Do we really understand the weight and implication of what those 56 men brought into existence in 1776?

BY:          Christian Vezilj, The American Thinker (June 29, 2026).

The Declaration of Independence remains one of the most important documents ever written, not only in American history but in the history of human freedom. As the United States approaches its 250th birthday, it is worth pausing, reflecting, and truly considering what the Declaration says — and why it changed the course of human civilization. Most people can quote a few lines from it, but very few stop to think about the deeper meaning behind those words or the extraordinary claim the Founders made about the source of our rights.

The Declaration of Independence is the only national founding document in the world that clearly identifies the source of human rights. It does not say rights come from kings, governments, parliaments, or any human institution. It does not say rights are granted by majority vote or political power. Instead, it declares that human beings are “endowed by their Creator with certain unalienable Rights.” That single sentence is the foundation of American freedom.

This idea was revolutionary in 1776, and it remains revolutionary today. If rights come from God — from a higher moral authority — then they are permanent. They cannot be changed, rewritten, suspended, or taken away by any government. They are not privileges. They are not favors. They are not temporary. They are unalienable, meaning they cannot be surrendered or removed because they are woven into the very nature of being human.

By contrast, if rights come from government, then they are fragile. They can change from administration to administration. They can be expanded or restricted depending on political winds.

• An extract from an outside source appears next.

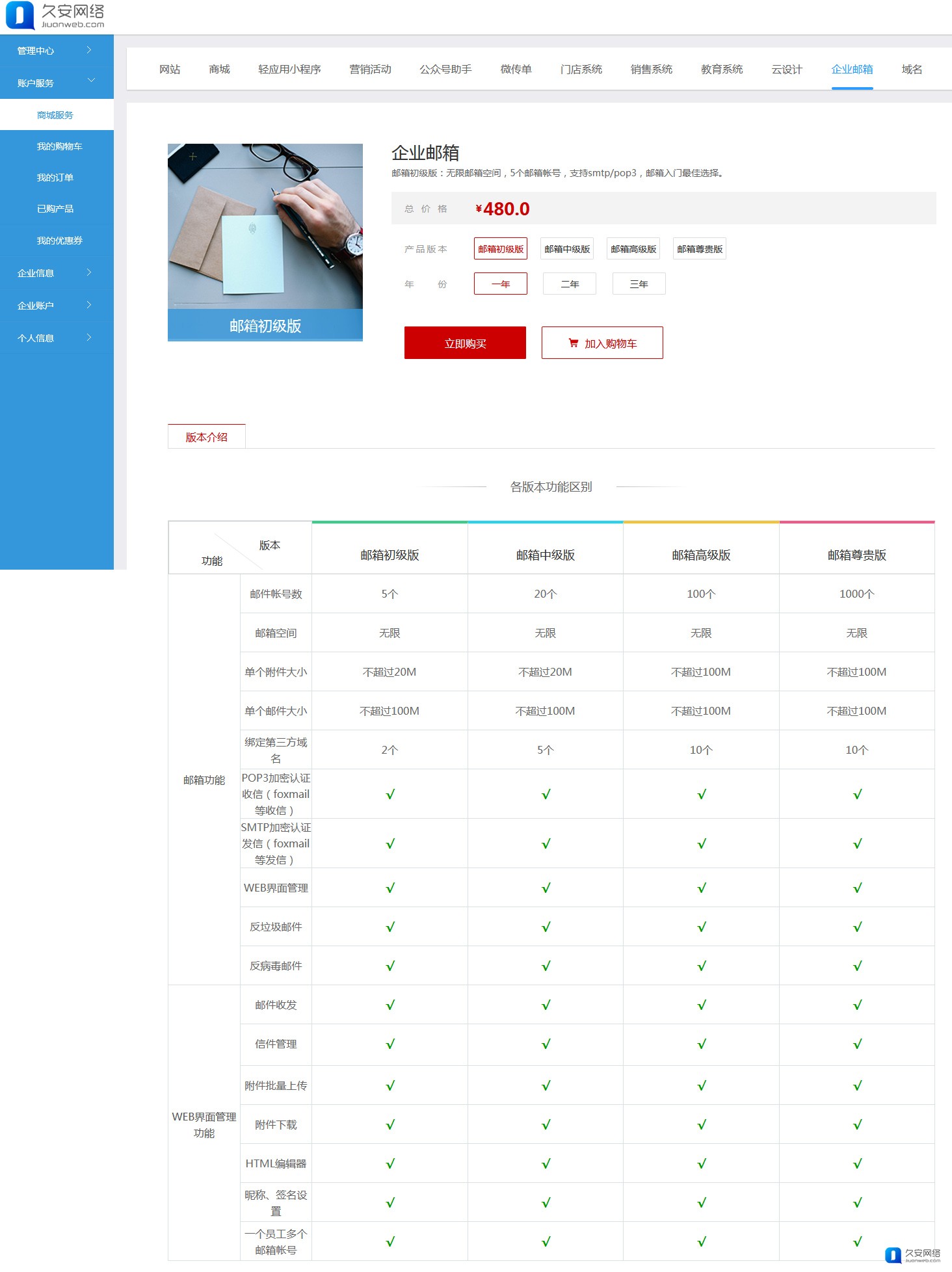 邮箱初级版 邮件帐号数 :5 个 邮箱空间:无限制

They can be granted one day and taken away the next. History shows that governments that claim to “give” rights almost always end up taking them away. When rights come from government, freedom becomes conditional — something you have only as long as those in power allow it.

The Founders understood this danger. They had lived under a system where rights were treated as privileges granted by a monarch. They saw how easily those privileges could be abused, limited, or revoked. So they made a bold and unprecedented declaration: government does not create rights; government exists to protect rights that already exist. This is the heart of the American experiment.

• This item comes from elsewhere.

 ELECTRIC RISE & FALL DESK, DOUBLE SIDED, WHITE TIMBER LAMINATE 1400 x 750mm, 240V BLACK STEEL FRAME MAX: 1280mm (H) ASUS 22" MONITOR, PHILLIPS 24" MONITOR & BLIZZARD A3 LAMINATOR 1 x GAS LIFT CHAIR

Because of this principle, life in the United States is fundamentally different from life in any other nation. Americans are born free. Freedom is not something we earn, negotiate, or request. It is our inheritance. It is our birthright. It is the starting point of American life, not the reward. No other country puts this truth into writing the way the Declaration of Independence does. Many nations talk about rights, but only the United States defines their source — and places that source above government.

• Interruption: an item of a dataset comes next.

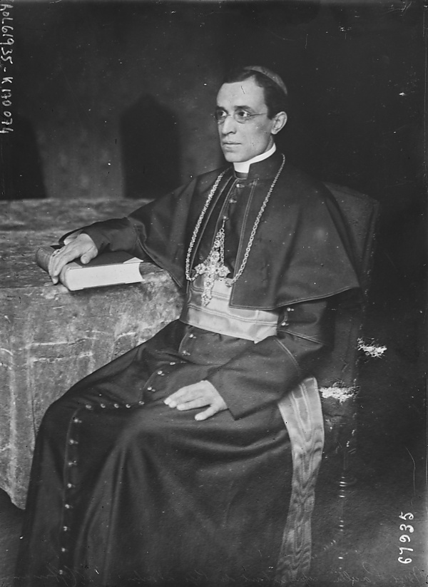 Давид Далин писал: «В качестве папского нунция между 1917 и 1929 годами, Пачелли дал в Германии сорок четыре выступления, в сорока из которых он осудил аспекты зарождающийся нацистской идеологии»[42]. В 1935 году, уже будучи Государственным секретарём, он написал письмо архиепископу Кёльна, описывая нацистов как «лжепророков с гордостью Люцифера» и «носителей новой веры и нового Евангелия», которые пытались создать «лживую систему между верностью к Церкви и Отечеству»[43]. Два года спустя в Соборе Парижской Богоматери в Париже, Пачелли назвал население Германии «благородной и могущественной нацией, которую плохие пастухи сбили с пути и прельстили идеологией расизма»[42].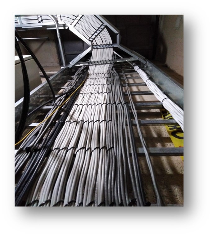 Entubado, canaleteado, cableado estructurado para 120 puntos de red para puestos de trabajo.

As America celebrates its 250th anniversary, it is important for every citizen to reflect on this truth. Our freedoms — speech, religion, assembly, self‑defense, due process, and the pursuit of happiness — are not gifts from politicians. They are not granted by courts. They are not created by Congress. They come from God, and because they come from God, they cannot be taken away by man.

The Declaration of Independence is not just a historical document. It is a reminder, a warning, and a promise. It reminds us that freedom is sacred. It warns us that government must always be limited. And it promises that as long as Americans remember where their rights come from, they will remain a free people.